During one of those cold twilight moments of December 2024, while I was sitting in my small study room at Manthari, home at Bangalore, received Fr. AMA’s succinct and compassionate welcome note. He wrote in Japanese Zen terms; it is known as. “Shukke Tokkudo”, leaving one’s home to Master’s home to live and study Zen further. And there is no need of any ceremony as such. One of the things I have observed is Fr. AMA as a very radical and revolutionary spiritual leaders, is not attached to any scriptures or rituals per se. Even his eucharist service for Xmas goes like a flash of lightning on the clear blue sky.

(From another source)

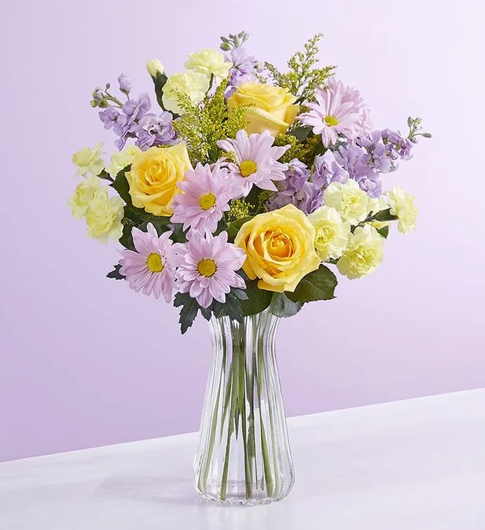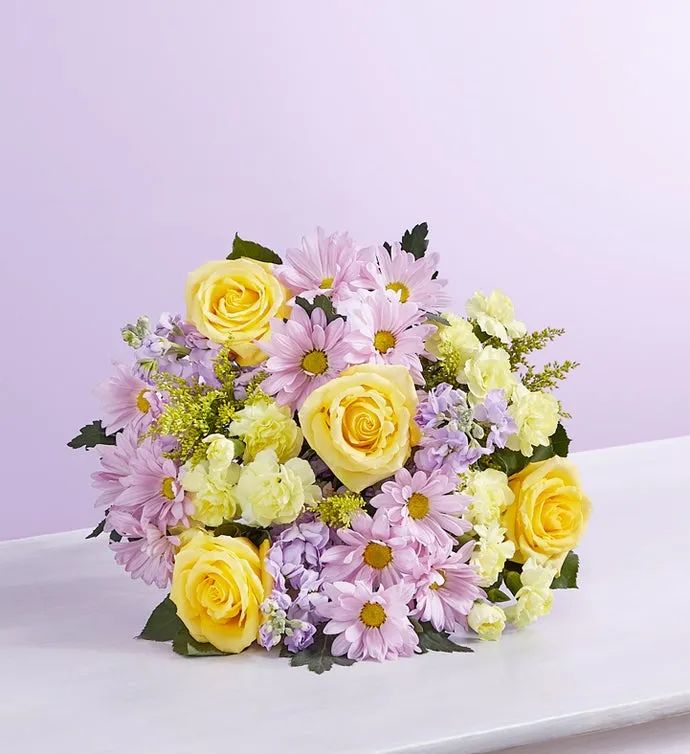 The season of rebirth and renewal is also the season for reconnecting with the ones we love, letting them know we’re thinking of them. Rekindle a friendship—or even a romance—with our delightful bouquet in shades of yellow and lavender. Designed by a Local Whatabloom Florist

Day before yesterday, during our question and answers in between the sesshin, AMA was at pains to explain to couple of meditators that it is very human to be attached to life and spirituality does not mean that we give away all attachments. In Zen way, samsara is nirvana and nirvana is samsara. A long time back, almost 30 years back, in my very first spiritual meeting, I heard Swami Chinmayananda answering to a question from a devotee related to his golden vial (a small cylindrical container) he used to carry with him. Chinamyananda used to take snuff quite often (tobacco in powder form which people inhale through nose) and someone had gifted him that golden vial to carry that powder. The questioner was questioning Chinmayananda on his carrying that golden vial. Chinmayanada and rest of the audience could sense the malice in that barb of question. But in his inimitable humorous style he answered that question. He said, as I remember, that he won’t lose his peace of mind, if someone, even the questioner, steals that golden vial while he sleeps. Detachemnt spiritually means not attached to anything. Not depriving anyone of it.
Zen Master Dogen seems to have high regard for the monastic concept of Shukke Tokudo or Home leaving. (in Shobogenzo, collection of Dogen’s writing). The phrase translates to. “Leaving home, sharing the dharma”.

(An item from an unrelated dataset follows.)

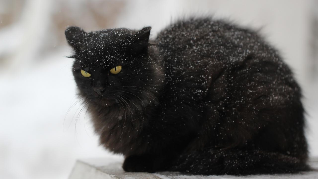 Wallpaper Displeased black cat in the snow on the street

Before last December 2024, for two years, though I used to spend a couple of weeks every month at the Zendo for extended sesshins and regular Zen practice, it was not “leaving home” literally. And even now, after moving to zendo to live here full time, it is not “leaving home” , literally and figuratively. It is just that, one realizes, our true home is not constrained to any locale or existential circumstances.
As Dogen then and Fr. AMA now tell us, that one cannot relinquish one’s attachment to life and what constitutes life whether it is home, living, working, family or friends, for the sake of anything leave alone Zen. Dogen quotes another Chinese Zen Master, “ In this life save the body, it is the fruit of many lives.”. It suggests being attached to one’s body and good health. The honored one, Sidhartha Gautama, told us the same without telling, when he accepted that bowl of milk and rice pudding from Sujata of Senani village to end his extreme ascetism and seeking of nirvana at the cost of everything including his own health and well being. That grace from an householder woman was a critical moment in Sidhartha’s journey to enlightenment.

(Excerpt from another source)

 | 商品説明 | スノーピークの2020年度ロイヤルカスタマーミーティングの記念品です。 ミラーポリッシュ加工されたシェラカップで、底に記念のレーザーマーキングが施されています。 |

When Fr AMA taught me it is important to be not so attached even to the Zen way, and true realization is when we I “empty ourselves of emptiness”, it just means (to me) n that even attachment to extreme detachment is another attachment. It is when we truly are detached to even our own ideas, concepts and opinions, one realizes and what one got to be realized and wakes up from the “dream state”.
The best part/moments in my life, on most days, happen in the twilight zone, when night bids goodbye to the day and hands over the baton as happened for millions of years. Also when we move from one dream state of nightmares and sweet dreams to another “dream state” of “distorted reality”. Ever since i started coming to Kanzeon Zendo regularly since the last 3 odd years, i always looked forward to these moments. After lighting the lamp (Christa does it without fail whenever she is in Zendo and i do in her absence), I open the window and stand there in Wuji stance. One can hear the murmur of the mountains and quivering leaves whispering to the chilly breeze with the melody of chirping birds, one realizes “nothing”.
It is in this moment, when I realize that one true home is absolute homelessness, where the earth is the floor and sky is the roof, and where horizon is where the big French window is, everything there constitutes what one is or what one is makes up one’s world. Those moments, all my pain, worries, anger just vanishes. In that sense, Shukke Tokudo, means moving to Homeless home.
And then the “world” fills up that void for the rest of the day till the next twilight, when the day bids goodbye to the night and handover the baton.